* EXERCISE AIM *
Transcribe each record precisely; images stay out.

* DATASET *
---*---
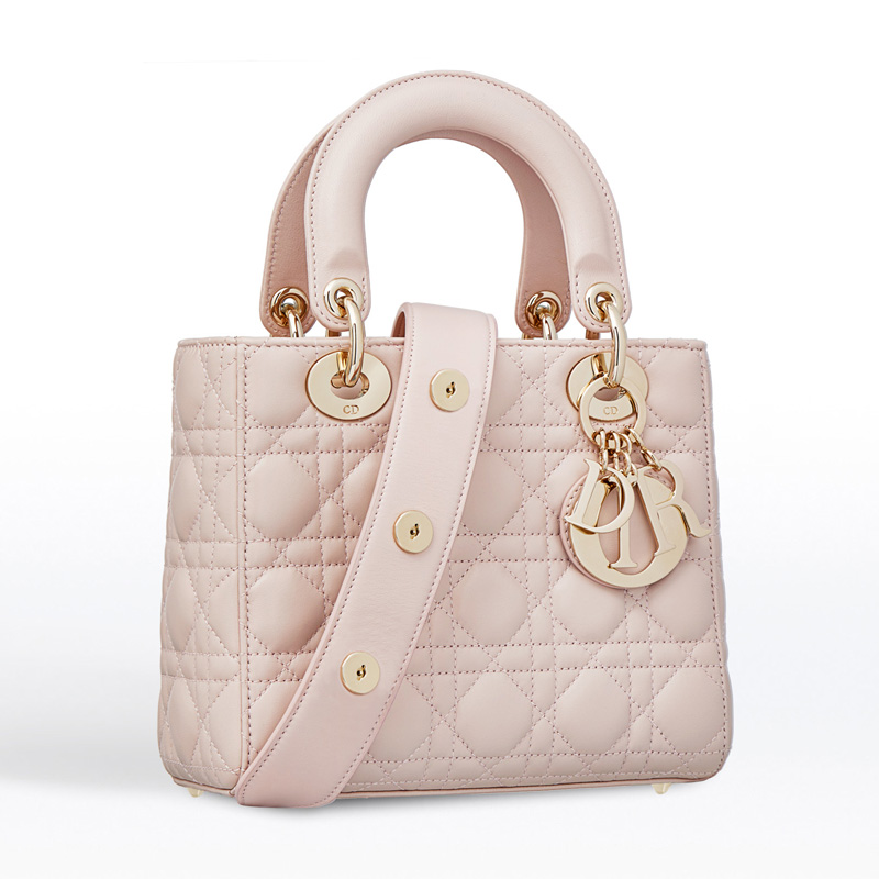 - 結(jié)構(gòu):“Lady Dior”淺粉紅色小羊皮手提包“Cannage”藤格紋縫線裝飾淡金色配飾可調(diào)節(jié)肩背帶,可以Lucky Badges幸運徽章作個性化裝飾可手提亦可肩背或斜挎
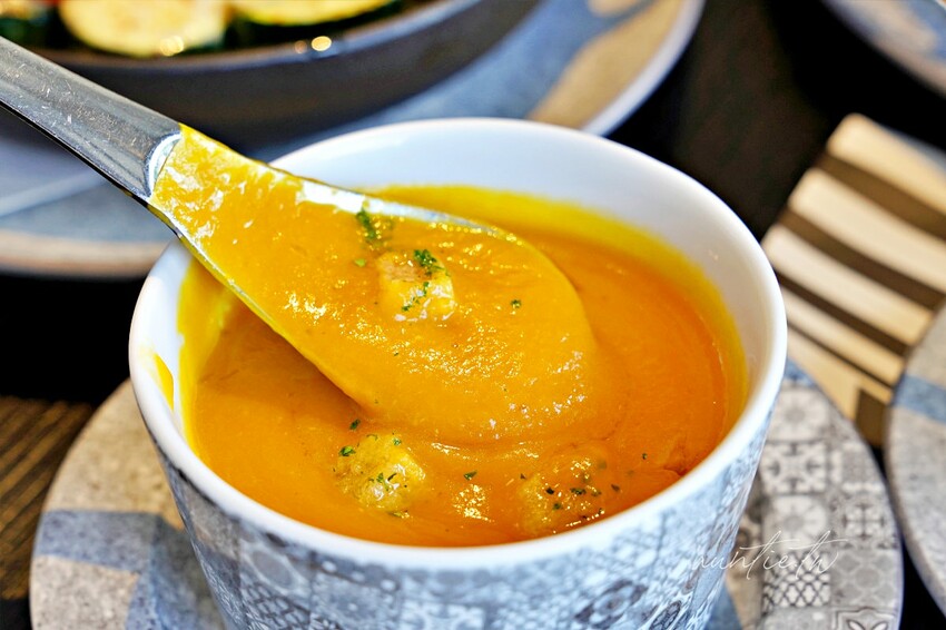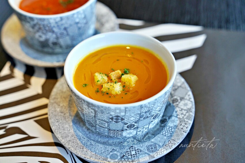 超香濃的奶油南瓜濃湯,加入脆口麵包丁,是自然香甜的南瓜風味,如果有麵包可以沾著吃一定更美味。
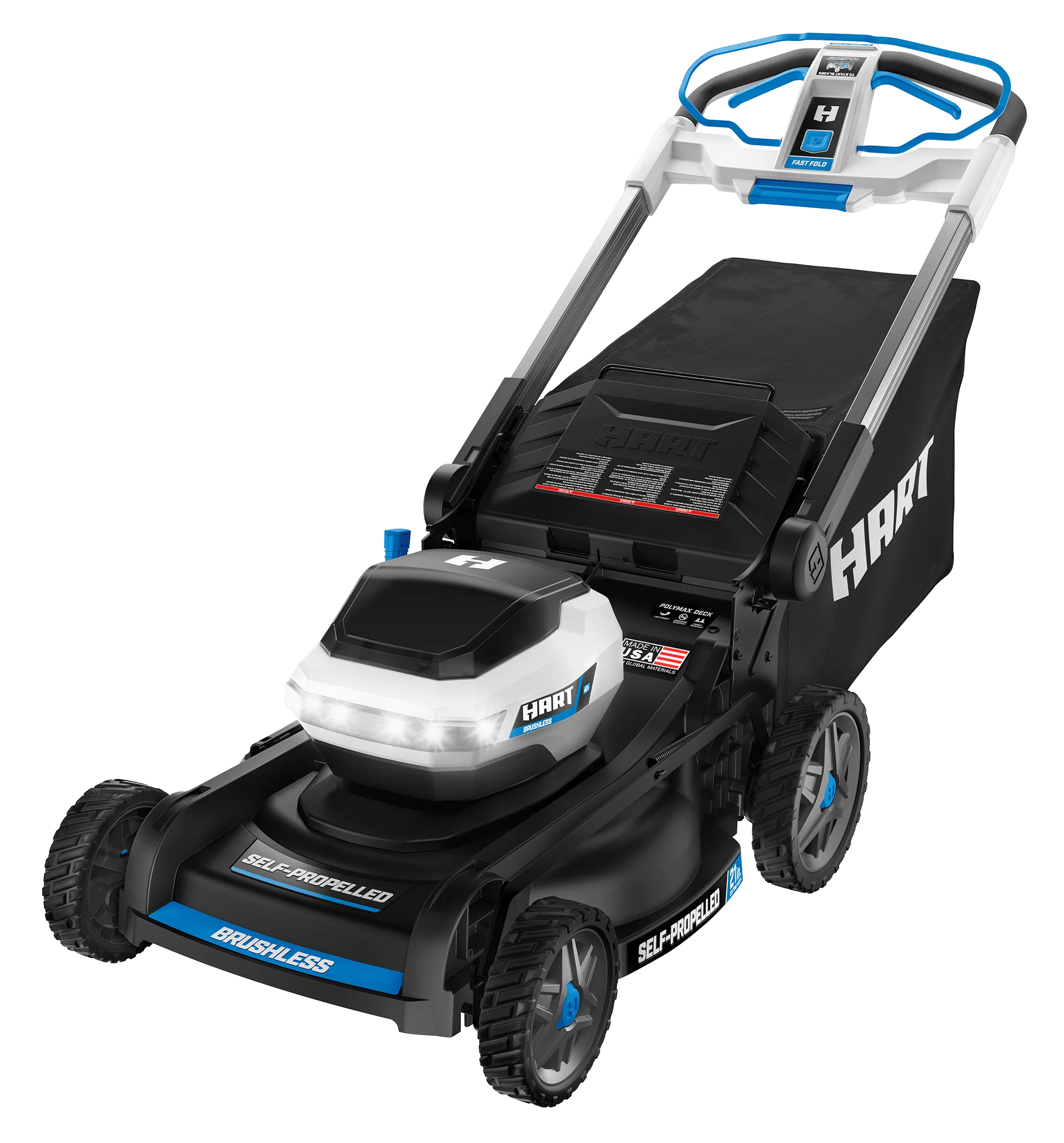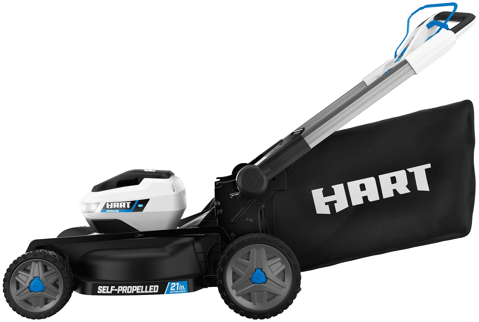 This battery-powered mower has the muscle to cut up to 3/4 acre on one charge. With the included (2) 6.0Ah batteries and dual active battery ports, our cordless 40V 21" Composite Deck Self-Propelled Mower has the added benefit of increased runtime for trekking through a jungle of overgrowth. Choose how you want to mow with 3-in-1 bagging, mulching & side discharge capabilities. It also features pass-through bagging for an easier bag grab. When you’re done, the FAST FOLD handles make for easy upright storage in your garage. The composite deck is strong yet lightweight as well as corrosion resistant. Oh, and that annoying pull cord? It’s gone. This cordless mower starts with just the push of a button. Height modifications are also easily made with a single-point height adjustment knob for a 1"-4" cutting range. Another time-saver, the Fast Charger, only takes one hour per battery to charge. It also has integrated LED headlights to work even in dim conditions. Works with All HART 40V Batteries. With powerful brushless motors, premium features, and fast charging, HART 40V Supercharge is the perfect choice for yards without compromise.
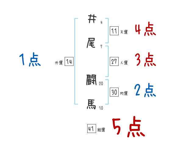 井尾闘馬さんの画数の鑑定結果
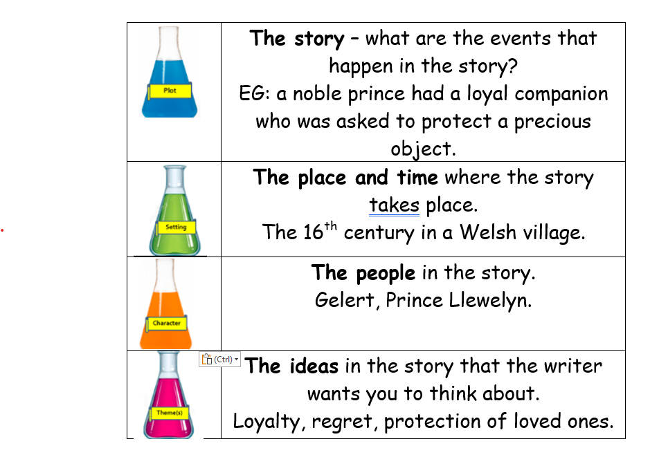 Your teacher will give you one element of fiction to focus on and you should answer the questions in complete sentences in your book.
---*---
* ANSWER *
 - 結(jié)構(gòu):“Lady Dior”淺粉紅色小羊皮手提包“Cannage”藤格紋縫線裝飾淡金色配飾可調(diào)節(jié)肩背帶,可以Lucky Badges幸運徽章作個性化裝飾可手提亦可肩背或斜挎
 超香濃的奶油南瓜濃湯,加入脆口麵包丁,是自然香甜的南瓜風味,如果有麵包可以沾著吃一定更美味。
 This battery-powered mower has the muscle to cut up to 3/4 acre on one charge. With the included (2) 6.0Ah batteries and dual active battery ports, our cordless 40V 21" Composite Deck Self-Propelled Mower has the added benefit of increased runtime for trekking through a jungle of overgrowth. Choose how you want to mow with 3-in-1 bagging, mulching & side discharge capabilities. It also features pass-through bagging for an easier bag grab. When you’re done, the FAST FOLD handles make for easy upright storage in your garage. The composite deck is strong yet lightweight as well as corrosion resistant. Oh, and that annoying pull cord? It’s gone. This cordless mower starts with just the push of a button. Height modifications are also easily made with a single-point height adjustment knob for a 1"-4" cutting range. Another time-saver, the Fast Charger, only takes one hour per battery to charge. It also has integrated LED headlights to work even in dim conditions. Works with All HART 40V Batteries. With powerful brushless motors, premium features, and fast charging, HART 40V Supercharge is the perfect choice for yards without compromise.
 井尾闘馬さんの画数の鑑定結果
 Your teacher will give you one element of fiction to focus on and you should answer the questions in complete sentences in your book.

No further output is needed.